▶ _What is needed_
Each line below from the line with "Boutique 'Let It" to the line with "epa08941565 People wearing" must be copied exactly, including those two, and no picture may appear in the copy.

========================================================================

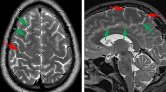 图1. 中央沟的影像学标志。源自于额上沟(绿色箭头)水平部末端向后的第二条垂直脑沟的是中央沟(红色箭头)(左图)。更多可靠的定位方法如下:先在正中矢状位MRI找到扣带沟(绿色箭头),然后向上(边缘沟)直至大脑边缘。边缘沟位于Rolandic区(中央小叶:红色箭头包绕区)后方,(右图)。
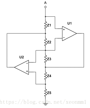 运放的正反相没要求,利用同反相电压相等和节点电流求和,从A点看进去的阻抗可以等效为:
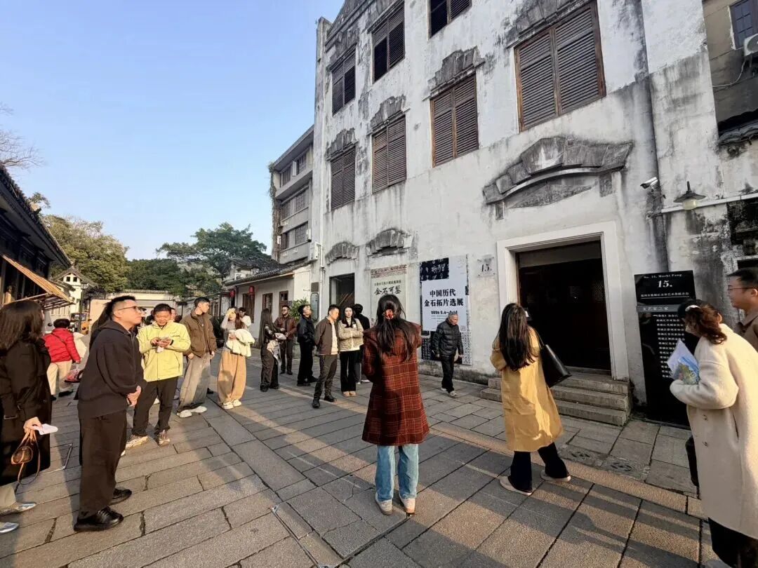 在调研走访环节,青联委员先后走进研究院展厅与墨池坊文化街区,沉浸式感受传统书画艺术与历史街区的独特魅力。姜野宁同志现场导览迎春纳福——朱仙镇木版年画展与中国历代金石拓片选展,从民间艺术与金石文化角度,带领大家感受中华优秀传统文化的深厚底蕴。青年画家陈舒怡带领大家导览衍园美术馆的“莺燕报春——江寒汀、张大壮、陆抑非、唐云书画特展”,深入解读作品内涵与艺术脉络,让大家在专业讲解中体悟传统艺术之美。
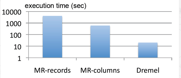 MR从面向记录转换到列状存储后性能提升了一个数量级(从小时到分钟),而使用Dremel则又提升了一个数量级(从分钟到秒)
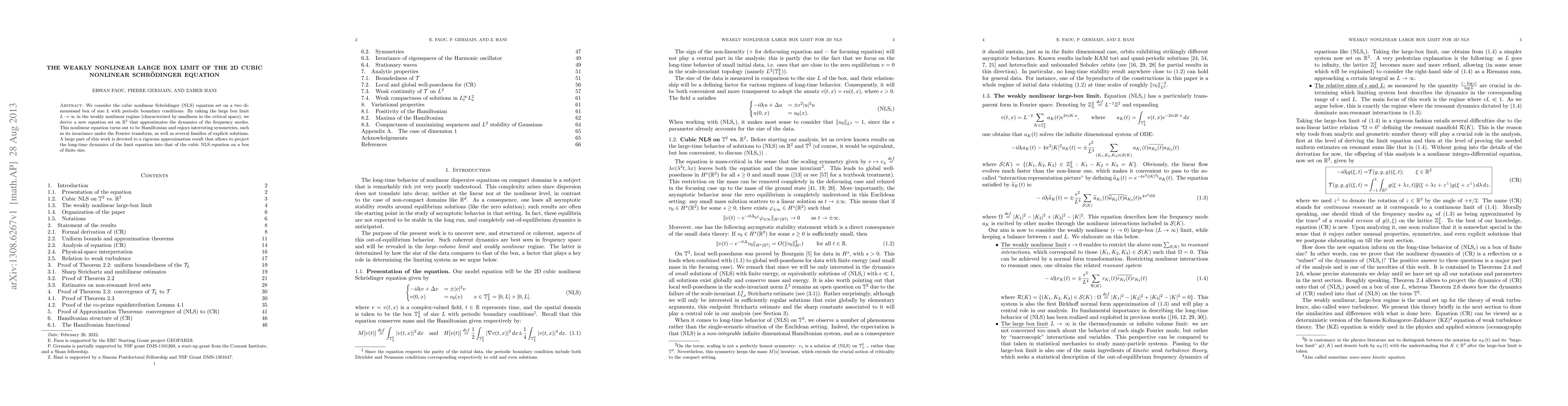 We consider the cubic nonlinear Schr\"odinger (NLS) equation set on a two dimensional box of size $L$ with periodic boundary conditions. By taking the large box limit $L \to \infty$ in the weakly nonlinear regime (characterized by smallness in the critical space), we derive a new equation set on $\R^2$ that approximates the dynamics of the frequency modes. This nonlinear equation turns out to be Hamiltonian and enjoys interesting symmetries, such as its invariance under Fourier transform, as well as several families of explicit solutions. A large part of this work is devoted to a rigorous approximation result that allows to project the long-time dynamics of the limit equation into that of the cubic NLS equation on a box of finite size.
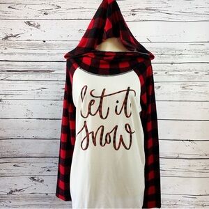 Boutique 'Let It Snow' Cowl Neck Hoodie w/ Plaid Sleeves Size Small
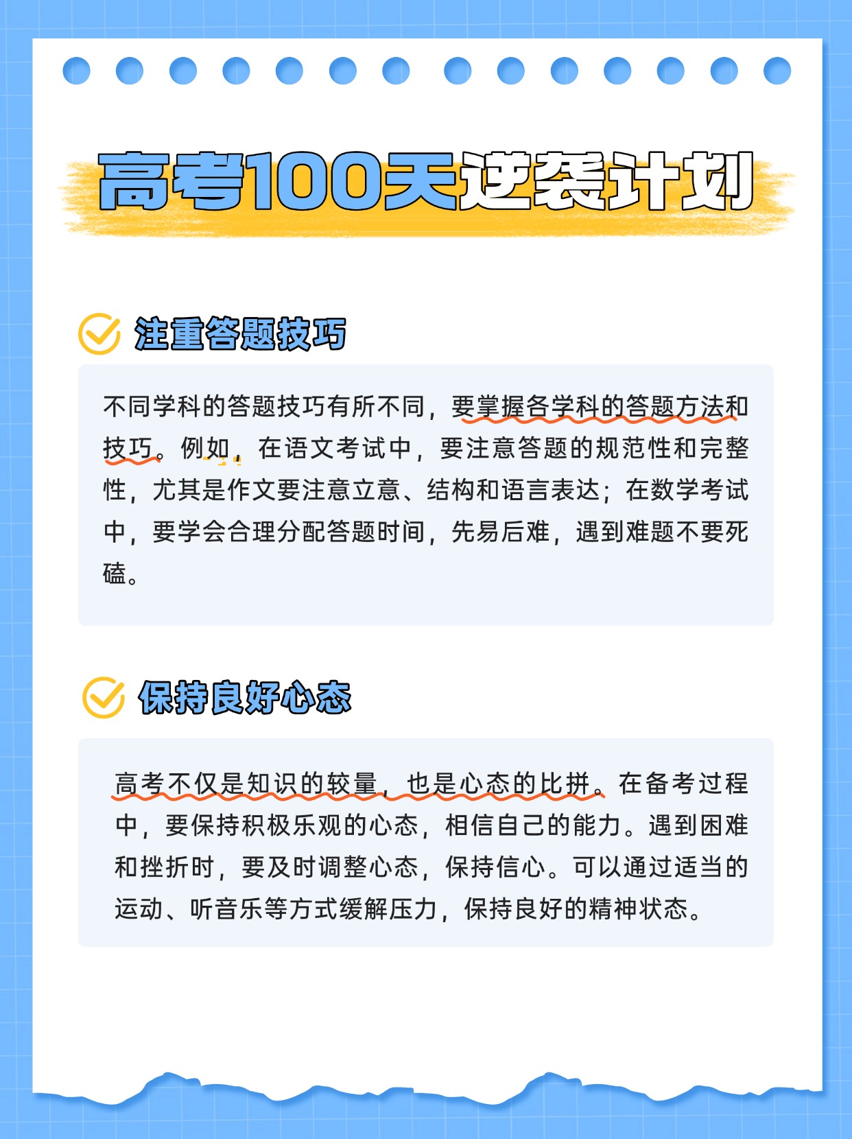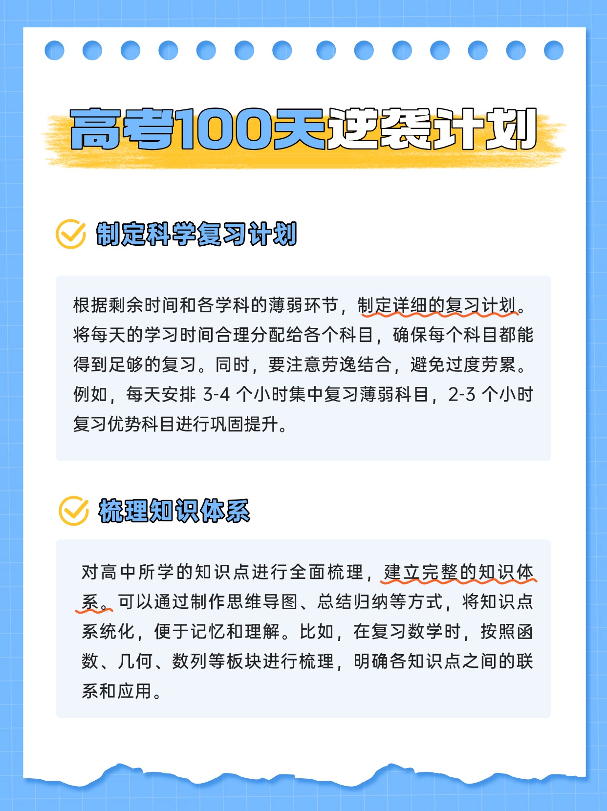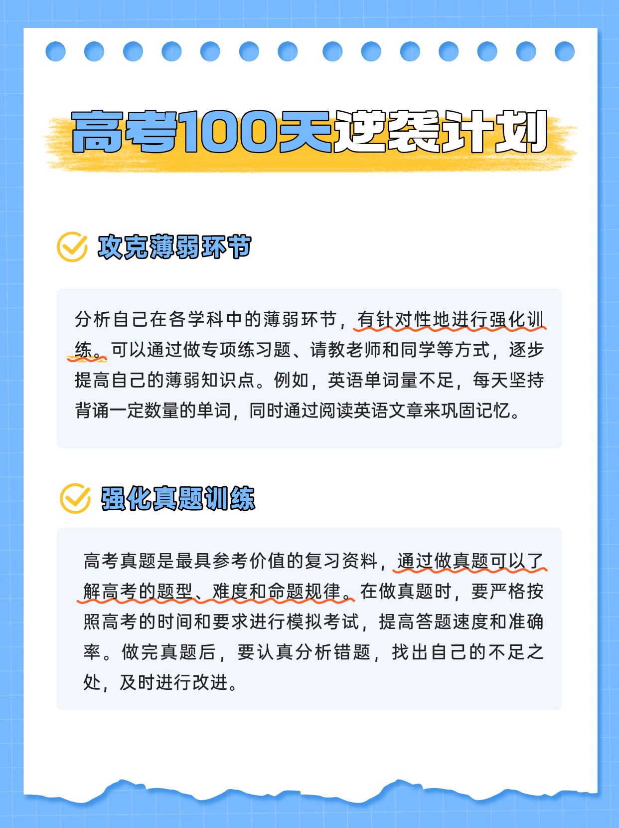 距离高考还有100天时间,虽然紧张,但合理规划、高效复习依旧能帮你显著提升分数,下面是小优整理的要点:
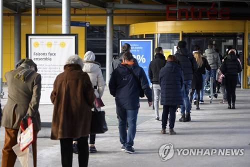epa08941565 People wearing protective face masks line up in a queue outside the Swedish furniture giant Ikea shop the last day of the opening of non-essential shops during the coronavirus disease (COVID-19) outbreak, in a shopping street of Lausanne, Switzerland, 16 January 2021. From 18 January, Switzerland will close non-essential shops, will demand mandatory teleworking and extend the closing of restaurants and sports facilities in a move to drastically reduce coronavirus infections. EPA/LAURENT GILLIERON
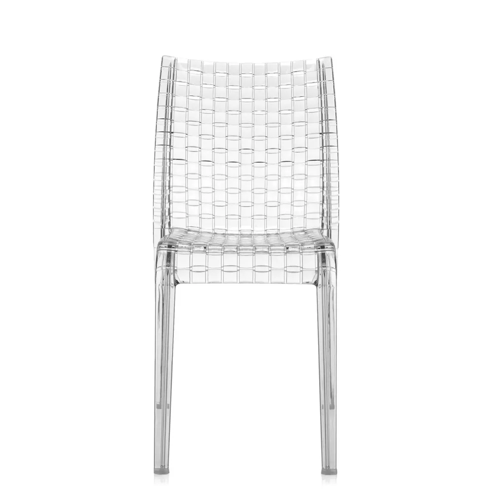 Inspired by the way pattern and texture interweave in a fabric, the Ami Ami chair (its name in Japanese literally means "to weave"), was born of designer's wish to reproduce one of the stylistic icons typical of his country - weaving. Structure material: Transparent Or Mass-Coloured Polycarbonate Fireproof: Not Fireproof Usage: Outdoor Height: 85 cm Width: 43 cm Depth: 51 cm Seating height: 46 cm
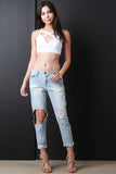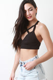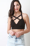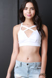 This crop top features a jersey knit with cross-back straps, detailed with a cross-front V-neck, and banded waist. Accessories sold separately. Made in U.S.A. 95% Cotton, 5% Spandex.
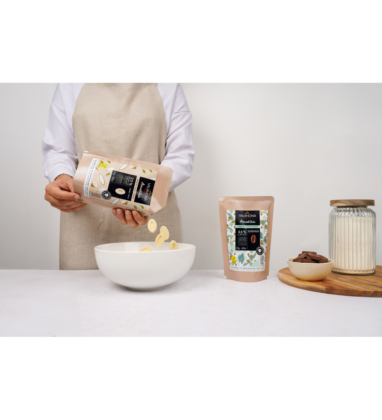 Les notes de cacao, de céréales, et d'amande grillée du chocolat au lait Amatika permettent de l'associer à une multitudes d'ingrédients tels que la fleur d'oranger, le jasmin, la pâte d'amande, la banane, le citron, ou la pêche par exemple.
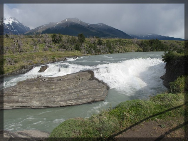 Das Wetter ist heute um einiges schlechter als in den vergangenen Tagen - der Himmel ist komplett zugezogen. Von der Straße aus auf der wir unterwegs sind müssten wir eigentlich die drei Türme der Torres del Paine klar erkennen können, in der Realität sehen wir nur Schemen durch eine dichte Schicht Wolken bzw. Hochnebel. Die Cascada Paine entpuppt sich als nicht gerade hoher aber dennoch ziemlich beeindruckender Wasserfall. Beeindruckend deswegen, weil die Abbruchkante des Wasserfalls nicht senkrecht zur Fließrichtung des Flusses steht, sondern schräg dazu. Als Folge ist der Wasserfall um einiges größer als er an dieser Stelle des Flusses eigentlich sein müsste. Nach einigen Minuten reißen wir uns los und brechen auf. Kurz bevor wir wieder losfahren trifft ein sehr interessantes Gefährt ein und zwar ein expeditionstauglicher Reisebus mit dem laut Beschriftung Touren in ganz Südamerika durchgeführt werden. Und das ganze mit einem Kennzeichen aus Holland. Auch wenn wir das im Rahmen einer kurzen Begrüßung schlecht definitiv beurteilen können, sind die Fahrgäste wohl auch Holländer.

========================================================================

▶ _Reply to the task_
 Boutique 'Let It Snow' Cowl Neck Hoodie w/ Plaid Sleeves Size Small
 距离高考还有100天时间,虽然紧张,但合理规划、高效复习依旧能帮你显著提升分数,下面是小优整理的要点:
epa08941565 People wearing protective face masks line up in a queue outside the Swedish furniture giant Ikea shop the last day of the opening of non-essential shops during the coronavirus disease (COVID-19) outbreak, in a shopping street of Lausanne, Switzerland, 16 January 2021. From 18 January, Switzerland will close non-essential shops, will demand mandatory teleworking and extend the closing of restaurants and sports facilities in a move to drastically reduce coronavirus infections. EPA/LAURENT GILLIERON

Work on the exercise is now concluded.